Installation

Aleph requires a couple of services in order to operate. To make it easier for development and deployments it uses Docker containers. Below you will find the installation steps on how to install Aleph locally for development and production environment.

Prerequisites

Before we continue, you will need to have Docker and docker-compose installed. Please refer to their manual to learn how to set up Docker and docker-compose.

You will also need to edit a configuration file to provide some credentials for the external services. This includes the OAuth credentials to allow Google users to login to Aleph and an email server credentials. Email server support is optional for development purposes.

Inside the same repository you will find a file called aleph.env.tmpl. This is a template of the configuration file. Make a copy of this file named aleph.env and follow the steps below to edit it.
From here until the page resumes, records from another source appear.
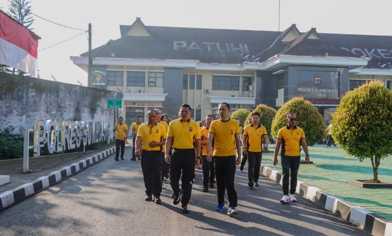 Kapolres Sumedang Pimpin Kegiatan Jalan Santai Bersama Personel Polres di Wilayah Pedesaan Sumedang
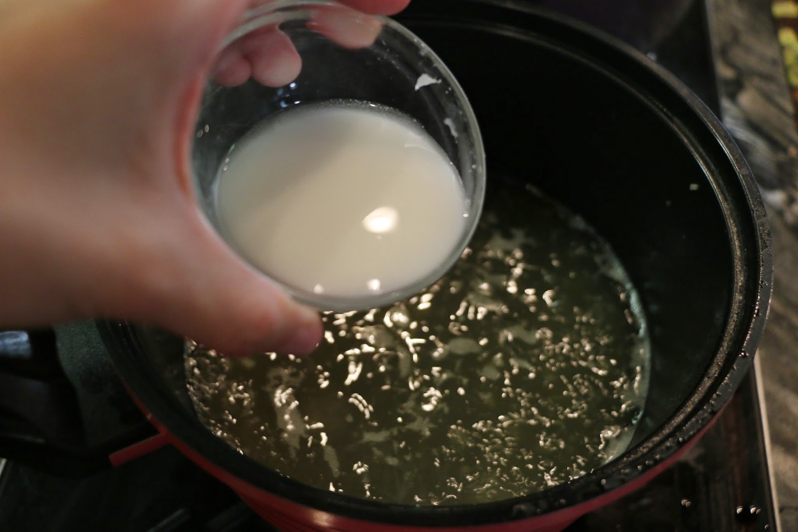 8. 待湯煮滾後倒入生粉水,將湯汁煮至濃稠。(如打算用來拌飯吃,可把湯汁煮至稠身一點,生粉水可以分次加入,直至煮到自己合適的濃度。)
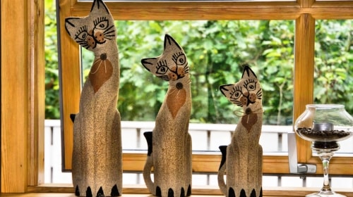 The fake cats in today’s jigsaw puzzle were meant to be cute, and they are… Until your cats knock them over at three o’clock in the morning! One of our cats likes to knock things over in the middle of the night. A lot, lately. Anyone want a cat with insomnia? Enjoy the puzzle!

To get the OAuth credentials please visit the Google Developers Console. There you will need to create an API key. In the Authorized redirect URIs section, use this URL:

http://lvh.me:13376/api/1/sessions/callback/google

Save the client ID and the client secret as ALEPH_OAUTH_* values.

Finally you will need to provide a value for the ALEPH_SECRET_KEY. A good example of a value is the output of openssl rand -hex 24.

Development installation steps

Insider the Aleph repository you will find a Dockerfile and a docker-compose.dev.yml files. These are used to build a container with the application and start the relevant services.

To proceed run:

  1. make build to start the application and relevant services. You can leave this open to have access to the development logs.
  2. make upgrade to run the latest database migrations and create/update any indexes.
  3. Open http://lvh.me:13376/ in your browser and proceed with the login.

Your repository is mounted inside the docker container under the name aleph_app. You can access these services anytime by running make shell.

Building from a clean state

You can also build the Aleph images locally. This could be useful while working on the Dockerfile changes and new dependency upgrades.

Aleph provides two commands to build the images. First one is make base, this will build the alephdata/base image (this is an intermediary image with system-level dependencies for Aleph). The second one is make build, this will build the alephdata/aleph image (this will generate a production ready image).

Front-end

Aleph is transitioning the front-end codebase towards a more modern architecture and while this is still a work-in-progress, some of the features already landed and should make the front-end development easier.

An LTS version of Node.js with NPM is required before we continue. First you will need to install the development packages (at the moment the build tool uses Webpack 2): npm install .. If you are using Docker, none of this is required.

In order to build the front-end you will need to run: make assets. The front-end assets are always built when you start the application.

If you are working on the front-end, you will need to start the assets watcher in parallel:

make assets-dev

While working on the front-end development, make sure you disable browser cache!

Production deployment

Aleph runs on PostgreSQL and ElasticSearch along with a couple of system tools like OpenOffice, ImageMagik, Tesseract and wkhtmltopdf. For a full list of system dependencies please review the aleph_base Dockerfile.

If you decide to not use Docker compose, you will have to provide all these dependencies and services and change the configuration file accordingly. An application only Docker image is also available at alephdata/aleph.

Finally, aleph is optimized to use certain Amazon Web Services: SQS and S3. To enable AWS features, you will need to set the AWS key ID and access key in the configuration file. Amazon SQS support is available for task queueing. Where S3 is available for file uploads.

Upgrading

Aleph does not provide automatic upgrades. You will have to download the new version Docker images or checkout the latest version using Git first.

Once you have the latest version, you can run the command bellow to upgrade the existing installation.

make upgrade

Configuration

Most of the Aleph configuration is handled via a set of values in a Python configuration file. The defaults are documented in the default_settings.py file and can be overridden by creating a configuration file named settings.py in the aleph base directory.

While using Docker, the config file, in turn, is largely configured using environment variables in accordance with 12 factor principles. These environment variables can be found also in docker_settings.py.

Feature options

  • TIKA_URI - when enabled, this will use Apache Tika to extract content from PDF files, rather than the built-in pdfminer and tesseract modules. The URI must point to a Tika server endpoint, which is also responsible for handling OCR.

    Note: using Tika with OCR’d documents may yield different results from the built-in mechanism and OCR may not be performed on the same sections of a document’s content (See: #104).

Running tests

To run the tests, assuming you already have the docker-compose up and ready, run make test.

This will create a new database and run all the tests.

The test settings can also be configured by making a copy of the test_settings.py.tmpl file to test_settings.py and editing it to match your configuration. You must then set the environment variable ALEPH_TEST_SETTINGS to point to the absolute path of that settings file.